6 Challenging Open Source Data Science Projects to Make you a Better Data Scientist

Pranav Dar 21 Apr, 2020 • 7 min read

Overview

Here are 6 challenging open-source data science projects to level up your data scientist skillset
There are some intriguing data science projects, including how to put deep learning models into production and a different way to measure artificial intelligence, among others
Each data science project comes with end-to-end code so you can download that and get started right now!

Introduction

When was the last time you took up a data science project outside your daily work? I’m certainly guilty of not doing this regularly. We tend to get caught up in our professional lives and slip up on the learning front.

That’s a step we simply cannot afford to miss! Data science is one of the fastest-growing industries right now thanks to the unprecedented rise in data and computational power. There’s no excuse to not know what the latest techniques and frameworks are in your space, whether than’s Natural Language Processing (NLP), computer vision, or something else.

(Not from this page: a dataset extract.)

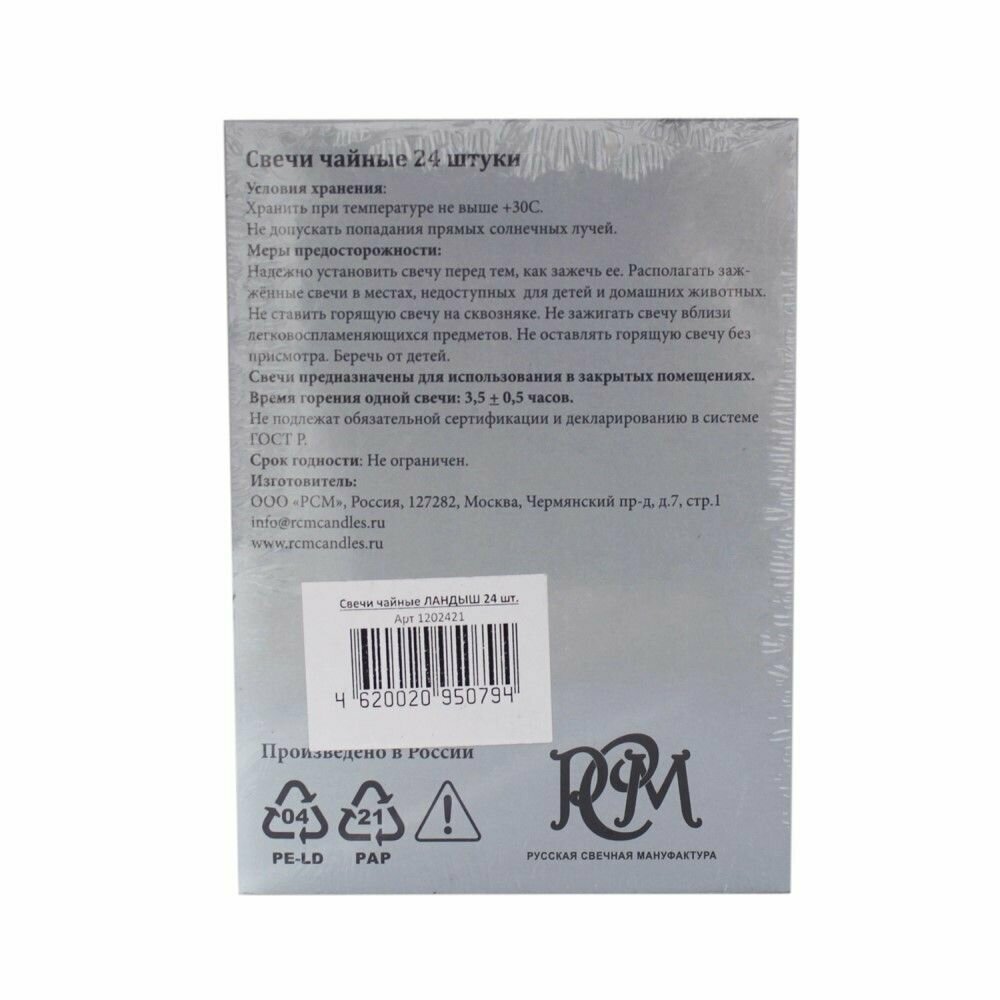 | Дополнительная информация | состав: парафин, хлопок, растительный воск; время горения одной свечи: 3.5±0.5 часов |

And the best way to learn, practice and apply these state-of-the-art techniques is through data science projects.

This article is the perfect place for you to begin. I have put together six challenging yet powerful open source data science projects to help you hone and fine-tune your skillset. I have provided the end-to-end code as well for each project so you can download it right now and start working on your own machine!

This article is part of our monthly data science project series. We pick out the latest open source projects from GitHub and bring them straight to you. This is the 23rd edition of the series and we are grateful to our community for the overwhelming response that keeps this series going. Here’s the complete list of projects we have published this year so far:

Here are the 6 Data Science Projects We’ve Picked from GitHub (November Edition)

Open Source Deep Learning Projects

Kaolin – PyTorch Library for Accelerating 3D Deep Learning Research

I haven’t come across a lot of work on 3D deep learning. That’s why I found this GitHub repository quite fascinating. The possibilities of 3D deep learning are tantalizing and potentially unique. Think about it – 3D imaging, geospatial analysis, architecture, etc. – so many data points at play!

Kaolin is a PyTorch library that aims to accelerate the research in 3D deep learning. The PyTorch library provides efficient implementations of 3D modules for use in deep learning systems – something I’m sure all you industry veterans will appreciate.

We get a ton of functionality with Kaolin, including loading and preprocessing popular 3D datasets, evaluating and visualizing 3D results, among other things.

What I especially like about Kaolin is that the developers have curated multiple state-of-the-art deep learning architectures to help anyone get started with these projects. You can read more about Kaolin and how it works in the official research paper here.

And if you’re new to deep learning and PyTorch, don’t worry! Here are a few tutorials (and a course) to get you on your way:

Production-Level Deep Learning

Putting your machine learning model into production is a challenging task most aspiring data scientists aren’t prepared for. The majority of courses don’t teach it. You won’t find a lot of articles and blogs about it. But knowing how to put your model into production is a key skill every organization wants a data scientist to possess.

Now take that up a notch for deep learning models. It is a tricky and challenging task. You’ve built a robust deep learning model, sure, but what’s next? How do you get that to the end user? How can you deploy a deep learning model?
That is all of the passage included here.